Mixed response from resident vs. non-resident to LBJ rates
Far from the public outcry for the previous hike in LBJ’s fees that led to their being rescinded, LBJ hospital’s new rates quietly went into effect yesterday at 8 a.m., and were met with a mixed response from visitors, with a telling difference in reactions from residents versus non-residents.
For non-residents, rate hikes are much higher in certain areas. For example, outpatient clinic visits are $20 which is “due at time of service” and $85 is the “balance due later”.
For an Emergency Department visit, it’s $30 “due at time of service” and $100 is the “balance due later”.
Visits to the Medical, Surgical, OB/GYN and Mental Health units are $50 “due at time of service” and $695 is the “balance due later”.
Samoa News spoke to a non-resident Samoan man who went in to see the doctor at the Emergency Room around 9 a.m. for an injury to his arm. He said he was surprised to hear about the new fee.
“$30 is just too much for me, I have three girls who are in school and given that our hours are cut back from work, this is another burden” he said.
The man said it will take a long time before he and his family will be considered legal residents in the territory because they only moved here four years ago. “We came here to seek a future for my three children, but then, all these fees charged to non-residents are just too much.”
After speaking with Samoa News, the man left the hospital saying he would rather get herbs to put on his arm than spend $30 to see the doctor, because it’s not just seeing the doctor, it’s also the medication that may be prescribed for him. (Prescription prices remain the same, at $10 each prescription for both residents and non-residents.)
A Samoan couple inside the Emergency Room said they were lucky — they got to the hospital before 8 a.m. so they paid only $10. However the man said it’s disappointing that even with the new fee hikes, the service is still slow.
Samoa News met with up with two foreign fishermen who said they don’t care how much the fee is — they are not paying for it — their agent pays all costs if they need to see a doctor.
One of the cashiers told Samoa News that members of the public who went to see the doctor at the Emergency Room were “pretty much okay with the fees.”
A security guard told Samoa News that not many people have complained to the cashiers about the fee hike. “I guess the public knew the fees would go up today (Monday)”.
A pregnant woman, Nadia Leo said that every visit to see the doctor is $20 if you are not on the trimester program. “I think if I get pregnant again I’ll make sure to sign up during my first trimester so I can be eligible for this program,” she said. (The LBJ program qualifies pregnant women, who register during their first trimester, for free prenatal care.)

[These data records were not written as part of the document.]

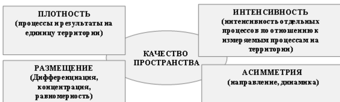
Рисунок 1. Методологический подход к исследованию качества научного, научно-технологического пространства

пространства описывается через такие характеристики, как плотность, размещение, связанность и асимметрии [18]. Плотность экономического пространства отражается через численность населения, объем валового регионального продукта, природные ресурсы, основной капитал и т.д. на единицу пространства или другой совокупности. Размещение описывается через показатели равномерности, дифференциации, концентрации, распределения населения и экономической деятельности, в том числе существование хозяйственно освоенных и неосвоенных территорий. Уровень дифференциации научного пространства может быть измерен как соотношение между максимальным и минимальным значением условных показателей плотности пространства. Кроме того, относительные показатели интенсивности процессов, протекающих в пространстве, могут быть измерены удельными показателями – долей затрат на НИОКР к ВВП/ВРП, численности ученых на 100 тыс. населения и др. По этой же логике может быть проведена оценка плотности и интенсивности других процессов, в частности, инновационных. Учитывая это, качество пространства складывается из следующих характеристик (рисунок 1).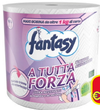
FANTASY BOBINA TUTTAFORZA 1 KG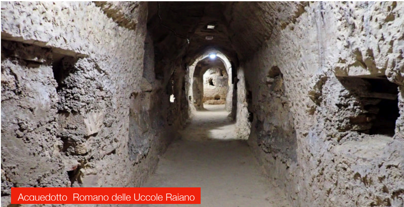
Acquedotto Romano delle Uccole Raiano

Ristorante Costa di Maggio Via del Rio, 67020 Fontecchio AQ Tel: 345 305 0285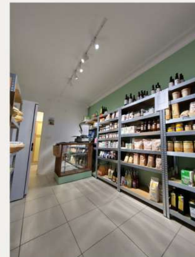
Épi de Liverdun

Ainsi, l'objectif est d'identifier les facteurs pouvant influencer positivement ou négativement l'action des épiceries.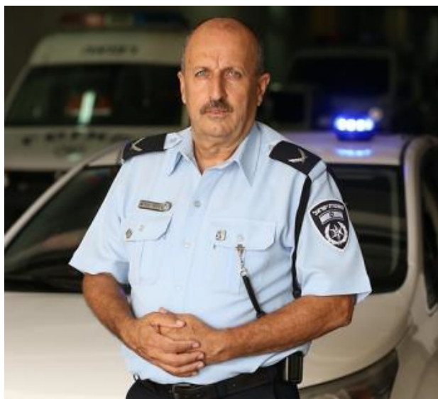
(Foto: Arabsko-palestyński generał policji izraelskiej, Jamal Chachrush)

5. Minister bezpieczeństwa wewnętrznego planuje stworzenie wydziału do egzekwowania prawa w sektorze arabskim, zachęcając do rekrutacji palestyńskich Arabów (muzułman) w szeregi policji. Oczekuje się, że na czele tego wydziału stanie Jamal Chachrush w randze generała w policji izraelskiej.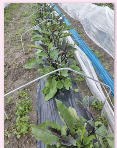
長期に収穫し反収の上がるナスでは使うメリットが大きい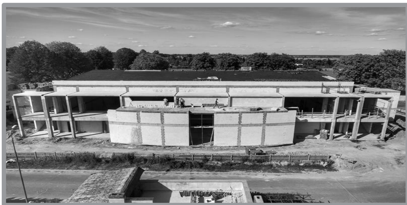
ZBĄSZYNECKA HALA SPORTOWA - POSTĘP PRAC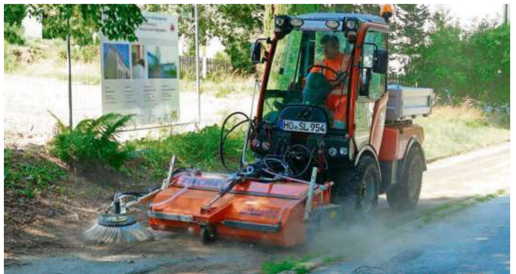
Von der Spende wurde unter anderem eine Kehrmaschine für den städtischen Bauhof angeschafft.

„Ihr habt einen wesentlichen Anteil durch eure Arbeiten und durch eure Spende an der Beschaffung der Kehrmaschine“, betonte von Waldenfels, der sich schon jetzt auf die sauberen Straßen und Gehwege entlang der städtischen Grundstücke freut. „Die Wirkung ist deutlich“, stellte der Bürgermeister nach der Reinigungsvorführung fest und erhielt reihum Zustimmung.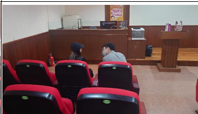
【陳醫師回應學生一對一提問】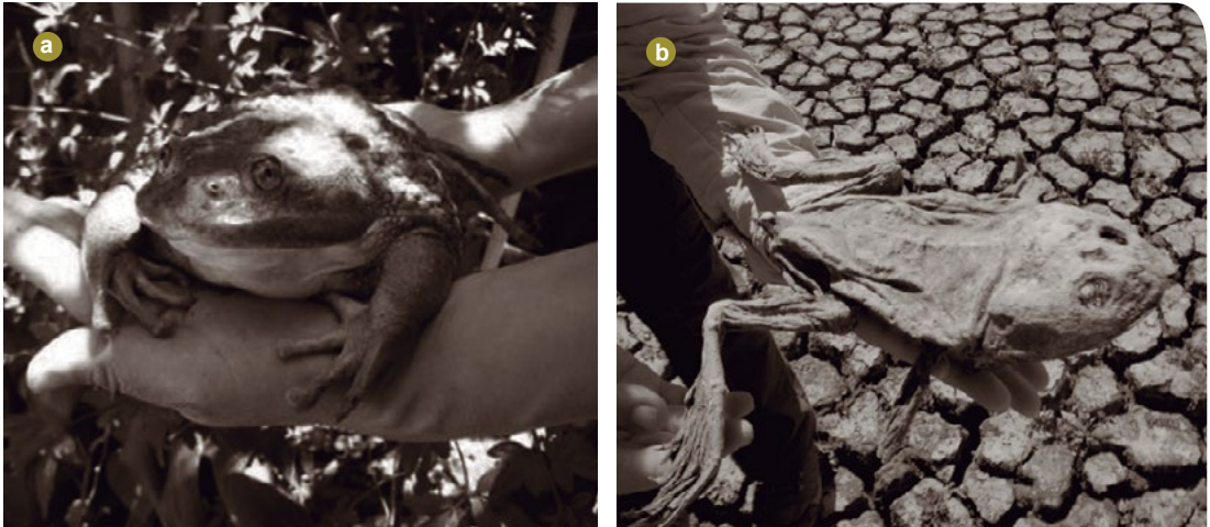
Figura 2: a) Hembra reproductora de Calyptocephalella gayi procedente de la comuna de Navidad, Región del Libertador Bernardo O'Higgins, peso vivo oviplena 1200 gramos, longitud rostro-cloaca 24 cm., b) se muestra un ejemplar muerto de la misma especie encontrado en el sector este de la laguna Matanzas en la Reserva Nacional El Yali, identificado como hembra y con longitud rostro-cloaca de 22 cm..

(fines 2013-comienzos de 2014) sólo se registró la mitad (N= 89). En la figura 3 se muestra un grupo de 25 individuos muertos encontrados durante enero y febrero de 2014. Destaca que el mayor número de ranas muertas se encontraron en los meses de enero y febrero tanto para el 2013 como 2014, asociándose estos hallazgos precisamente a los meses con las más altas temperaturas y escasas de agua dulce del año.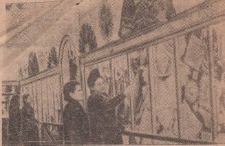
Универмаг провел пятидневную выставку-продажу строительных выставок, шелковой галереи и галустов. На снимке: выставка в универмаге по улице Строителей.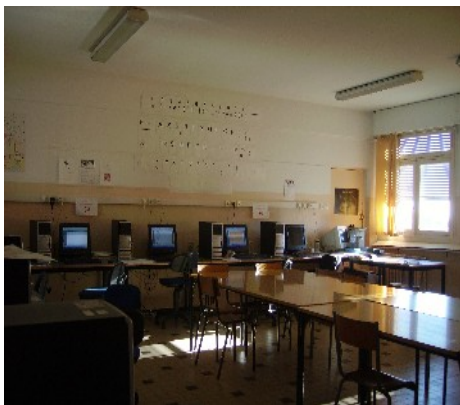
Notre classe informatique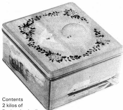
Contents 2 kilos of Basler «Leckerli»

We are looking forward to sending you quite soon sweet greetings from Basle.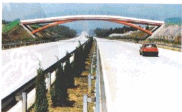
多姿多彩的跨线桥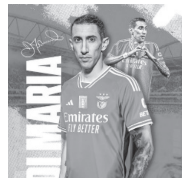
Llega desde Juventus. - Benfica -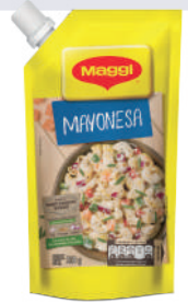
MAYONESA *42 UNI 200 GR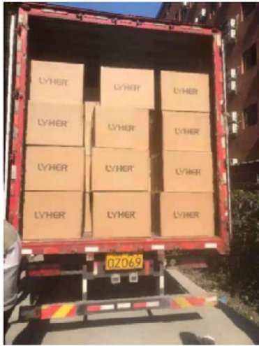
Vervoer in China naar vliegveld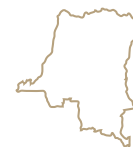
FIG 1 Ivoire Lega FIG 2 Epingle à cheveux Hungaana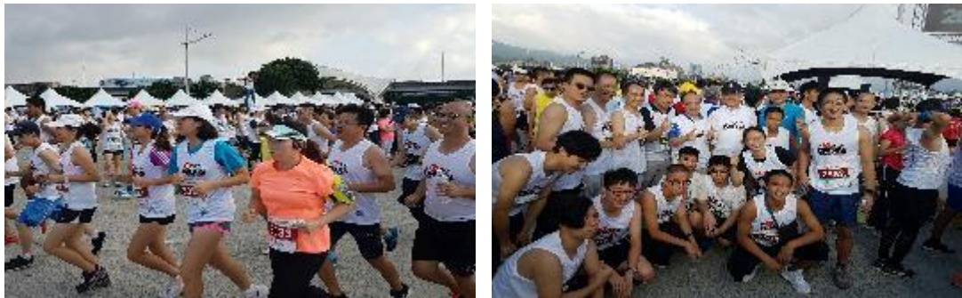
圖 52 臺北市政府與國際扶輪社合辦反毒路跑活動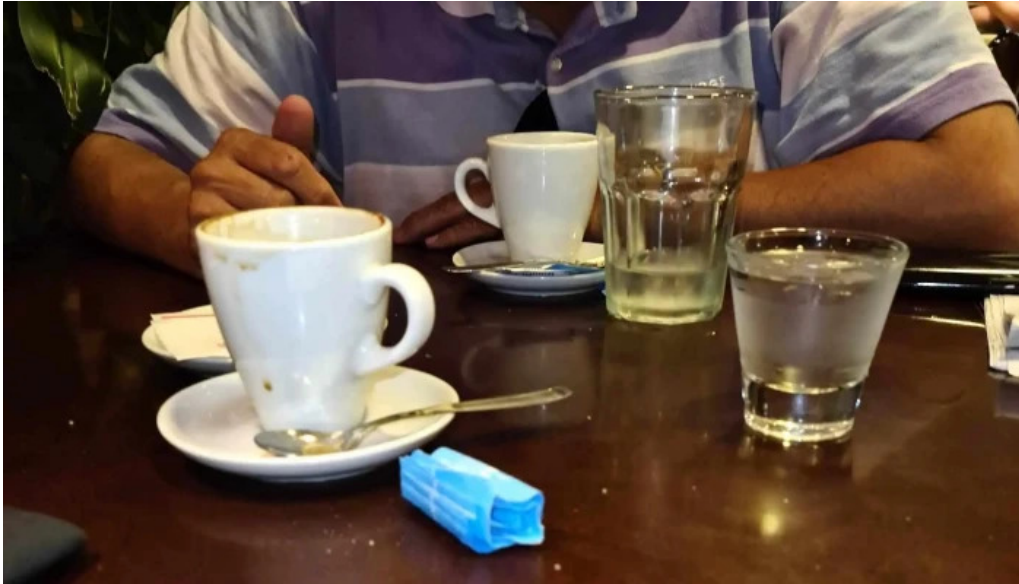
Panificadora el globo telefono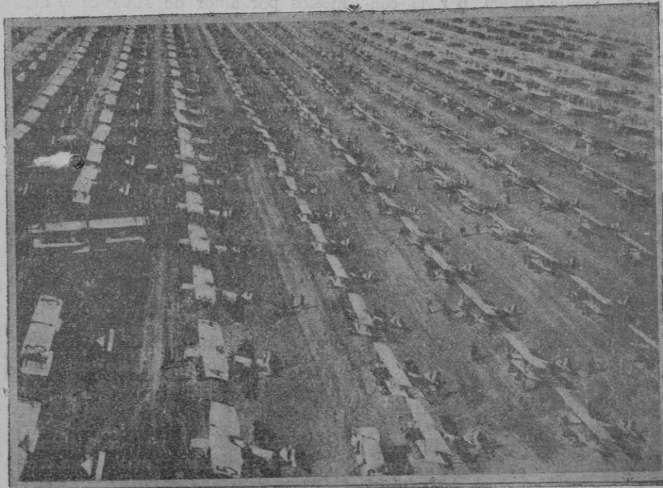
Perspectiva que ofrecía el aeródromo de Ferrara, donde se ven alineados doscientos aviones militares que tomaron parte en las grandes maniobras celebradas por la aviación militar italiana

Una buena fermentación se opera entre los 22 y los 30 grados, por ser la temperatura más favorable a las levaduras.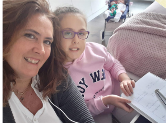
Mi madre y mi hermana me ayudan mucho.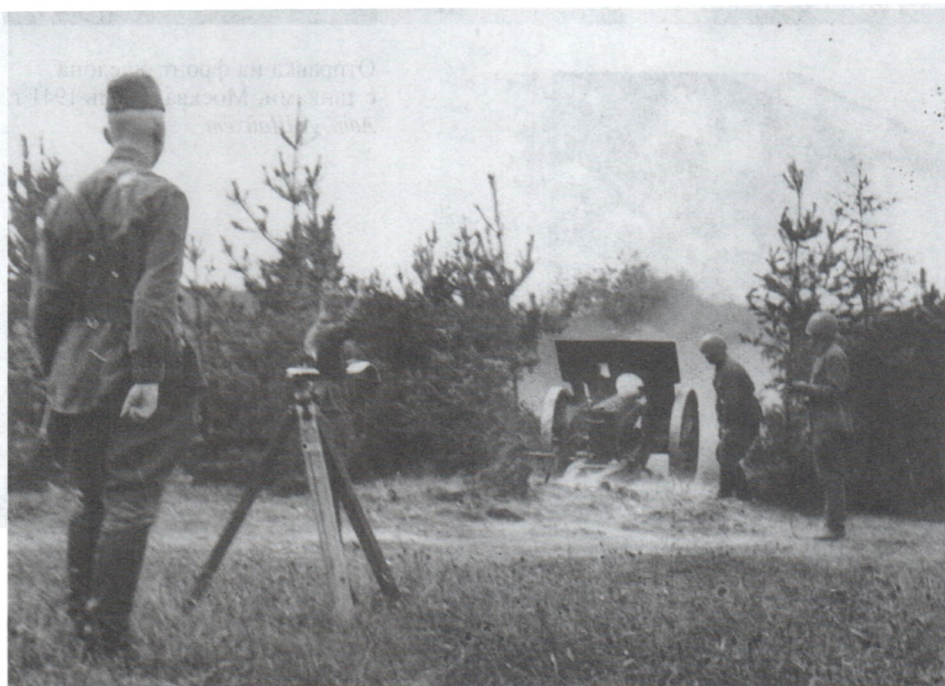
Батарея противотанковых орудий ведет огонь по противнику. Июль 1941 г.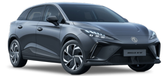
● Camdem Grey Peinture métallisée (option à 650€ (1) )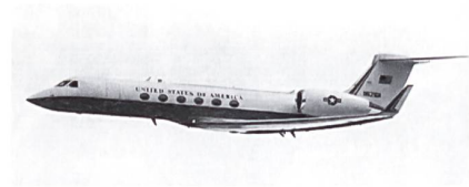
Das neueste VIP-Flugzeug der USAF: C-37A, besser bekannt unter der Bezeichnung Grumman Gulfstream.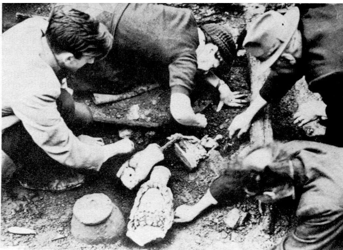
Le passé surgit du sol de Londres

Ce qui intrigua fort les archéologues londoniens, qui n'ont d'ailleurs pas pu donner une réponse satisfaisante au problème soulevé, c'est ce curieux rassemblement de divinités. Sérapis, c'est à l'origine un dieu égyptien, qui a été plus tard confondu avec Jupiter et avec Pluton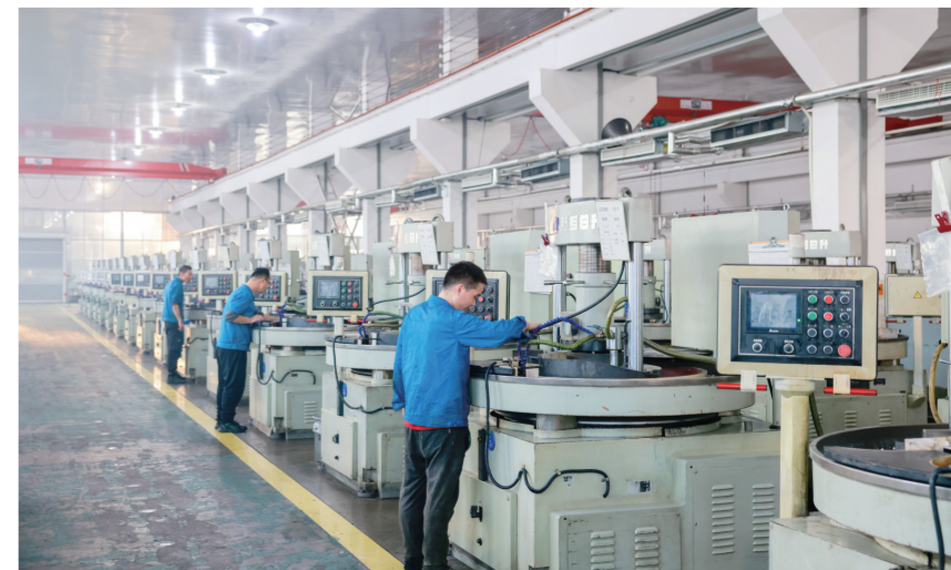
3月28日,在东阿钢铁集团有限公司的生产车间里,机器运转的轰鸣声此起彼伏,一派繁忙景象。东阿钢铁集团有限公司年产钢球400亿粒、圆锥滚子3亿粒、轴承钢球4.5万吨。公司年销售收入12.1亿元,利税1.1亿元。

此外,我市全力打造一对“投资项目会客厅”模式,同步在聊城市政务服务网工程建设项目审批大厅推出“线上会客厅”,设计48道选择题,配备智能引导,根据项目单位填报情况系统自动生成“量身定做”的审批流程,配套生成“办理流程图”,实现项目单位一键自主申报。同时,开通EMS免费邮寄,办理事项申报过程中需要审核的原件以及办理结束后的证照批文可通过EMS免费邮寄,切实提升了企业群众办事体验。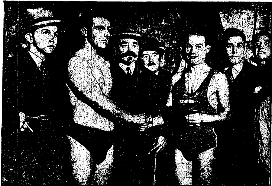
ZWYCIĘZCY ZAWODÓW WPLAW PRZEZ PARYŻ o których korespondencję zamieszczamy obok.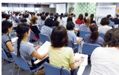
若者の貧困や奨学金問題について考える学習会なども各地域で開催しています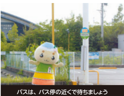
バスは、バス停の近くで待ちましょう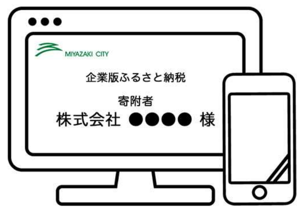
市HP等で寄附のご紹介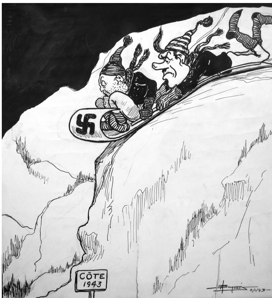
Toto : Tu m'avais promis qu'il n'y aurait pas de cahots, « Embourbés », La Presse , 27 janvier 1943.

Mais qu'en est-il de l'humour et de la caricature de Bourgeois lors de la Seconde Guerre mondiale? La caricature ou le dessin de presse durant les deux guerres mondiales peuvent paraître lourds lorsqu'ils sont utilisés dans un but essentiellement de propagande. Si humour il y a, sa portée s'estompe derrière le message politique et moralisateur cherchant à influencer le lecteur. L'équilibre entre ses différentes expressions n'est pas toujours atteint et c'est souvent le rire qui écope au bout du compte. Or, nous verrons que Bourgeois arrive à traiter du conflit sans verser dans le dessin de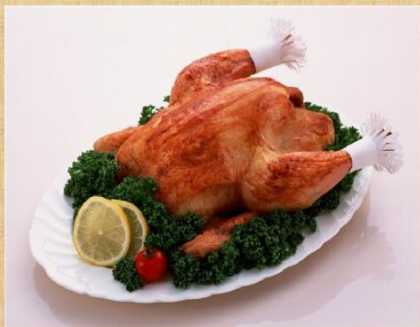
Оформление блюд из курицы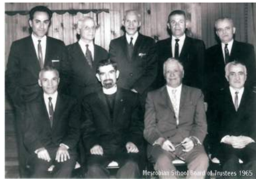
Mesrobian School Board of Trustees 1965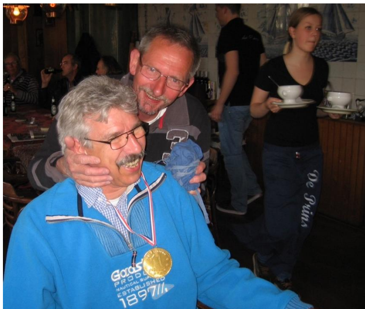
Dit is een prijsuitreiking Hemelvaart

Deze keer verzamelen we op 30 mei in de Pekelharinghaven te Medemblik, hier wacht een steigerborrel met de nodige verhalen.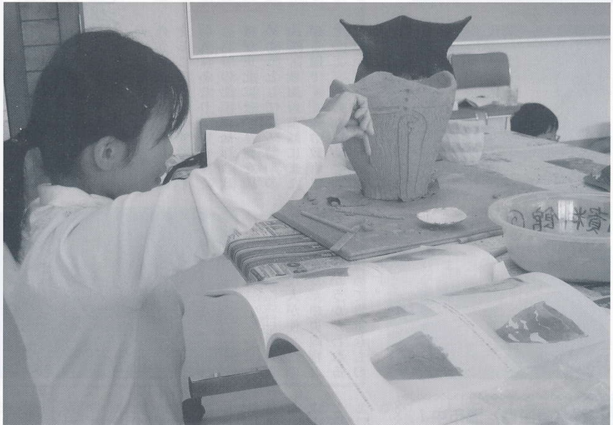
▲ 縄文土器作り（平成 17 年度文化体験プログラムより）

山形県東置賜郡高島町大字安久津 2117 TEL 0238 - 52 - 2585 FAX 0238 - 52 - 4665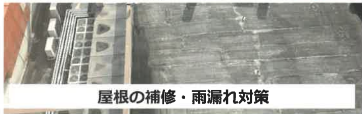
屋根の補修・雨漏れ対策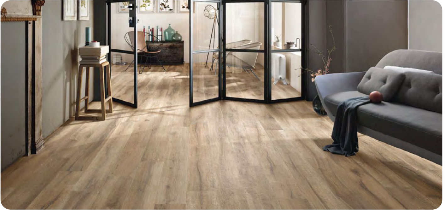
KUNI effetto legno 20x120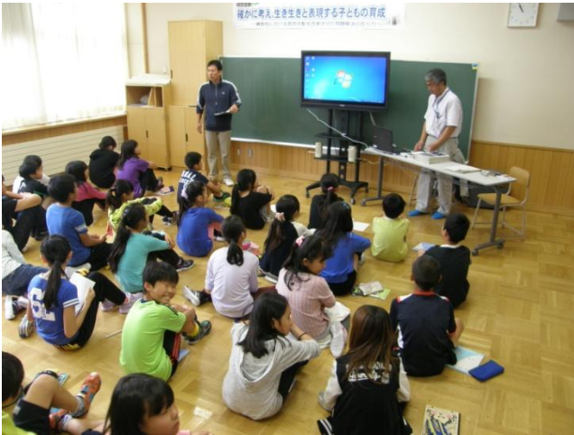
事務所職員による河川と防災の説明

9月30日(火)、旭川市立青雲小学校のご依頼で、5年生の皆さんに旭川河川事務所の職員による出前講座を実施しました。青雲小では、理科の授業の「ながれる水のはたらき」で、河川と暮らしが取り上げられていることから、身近な石狩川のさまざまな機能や、防災に関する地域の取組などについて、職員が分かりやすく説明しました。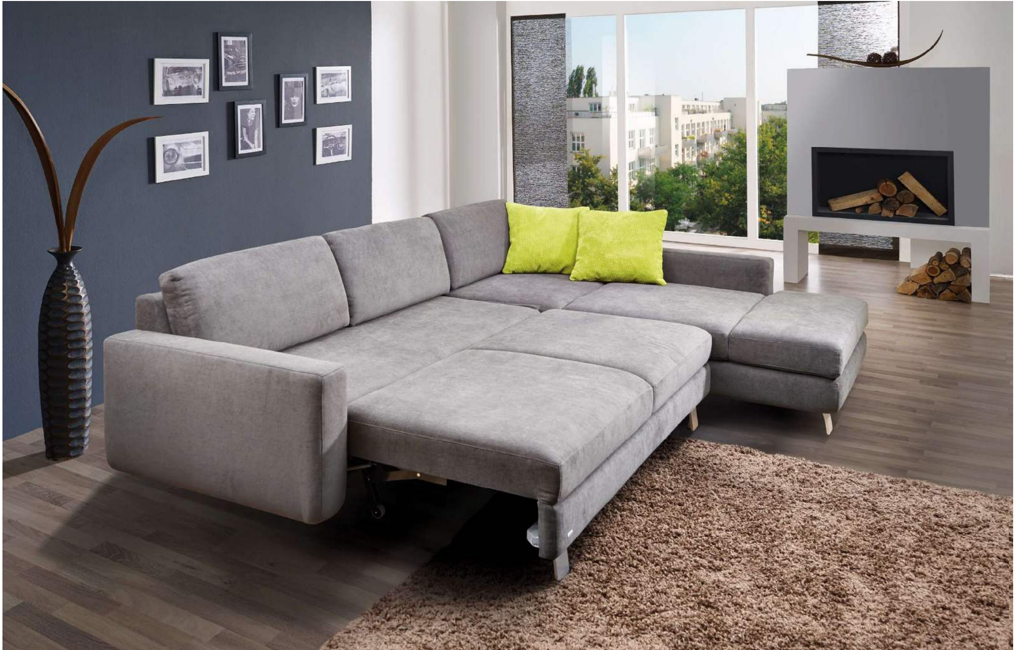
SANDRO | quickmulti TV-Liege (M160) | Liegebreite ca 240 cm mit Longchair

Malie Finau of Nu’uuli said these new fees are more acceptable than the $50 fees that were implemented before. “Despite the increase from $10 to $20, which is a little bit high, it’s way better than the $50 fee, so I won’t complain. I’ll just thank the LBJ management that the fees are something I can live with,” she told Samoa News.
In general — for residents—most Outpatient Clinic visit fees will increase from $10 to $20; while Emergency Department visit fees will increase from the $10 (Day) and $20 (Night) to $30 — anytime.
Outpatient Clinic visits include Dental, ENT, Family Medicine, Family Planning, Mental Health, OB/GYN, Ophthalmology and surgery.
Most ambulance service — provided by the Emergency Medical Service (EMS) — will be $20 per trip, plus mileage, while Advanced Life Support (which is very rare) will be $40 per trip, plus mileage. According to the LBJ fee schedule, ambulance milage is $3 per transport mile.
Medical, Surgical, OB/GYN and Mental Health units are $50 per day while it’s $30 per day for Pediatric, Nursery or Neonatal ICU Nursing units and $100 per day for Intensive Care Unit, according to the fee schedule.
LBJ says that prescription fees are unchanged; Most Adult Inpatient Daily Fees are unchanged; Ultrasound, CT Scan and Fluoroscopy Study Fees have decreased; and Mammography Fees are unchanged.
(It should be noted that the Mammogram machine was reported as broken, during the LBJ public hearing for the fee hikes, two weeks ago.)
LBJ CEO Mike Gerstenberger told Samoa News earlier that “The mission of the LBJ Tropical Medical Center is to provide care, not to deny care. If anyone feels they cannot afford these fees, they are encouraged to contact our Collections Department and inquire about the Sliding Scale Discount Program,” he said.
“The Hospital also continues to offer the Prenatal Clinic Discount for expectant families and a daily ceiling on fees for pediatric patients,” he said, adding that new weekly fee ceilings for Dialysis and Outpatient Rehabilitation patients will also be implemented on July 2.